That’s cool and all, but Adam Silver and Amy Hupe recently enumerated the problems with how these links behave:

Firstly, mailto links make it hard to copy the address, for example if you want to share the email address with someone else.

Secondly, some users use more than one mail app, and the link just uses whichever has been setup as the default, without giving them the option to use the other.

And finally, many users don’t have an email application set up, which means the link can take them to a dead end or down a rabbit hole.

Their UI experimentation ended up using a mailto: link, but putting the entire email address as the link which makes it especially obvious what the link does, while also offering a Copy button for a little UX bonus.

tel: links are weirder in the sense that a good many devices looking at them don’t have any phone-calling functionality. If they do, it’s a lot like email links in that multiple apps could do that work (e.g. WhatsApp, FaceTime, or the default phone app).
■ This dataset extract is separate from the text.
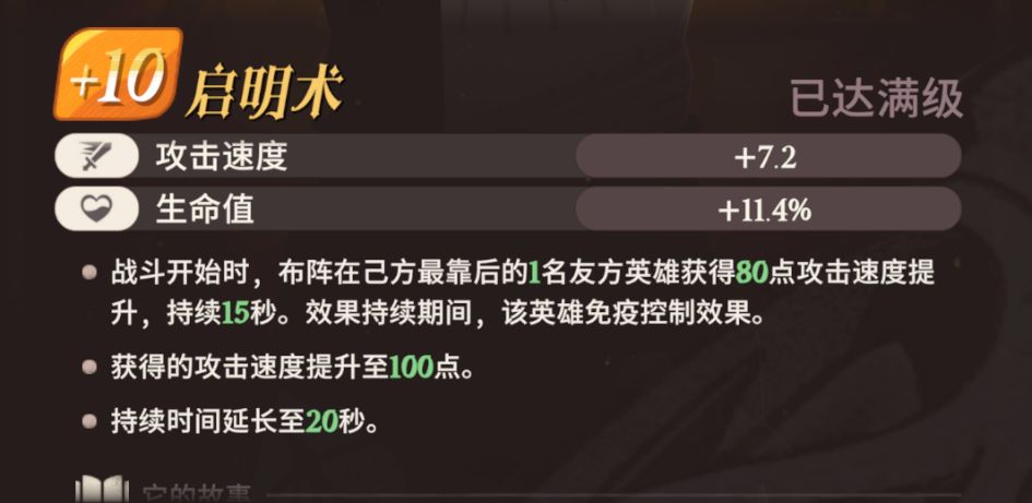战斗开始时,布阵在已方最靠后的1名友方英雄获得100点攻击速度提升,持续20秒。效果持续期间,该英雄免疫控制效果。

The hard part of the UX of all this is offering users choice on what they want these special link types to do. That’s what mailgo is attempting to solve. It’s a little JavaScript library that offers UI when you click them.

Live demo:

I kinda like it. I wouldn’t mind at all if that popped up when I clicked a link like this, especially since it has that “open default” option if I want that anyway. Seems to check all the boxes for the problems these types of special links can have.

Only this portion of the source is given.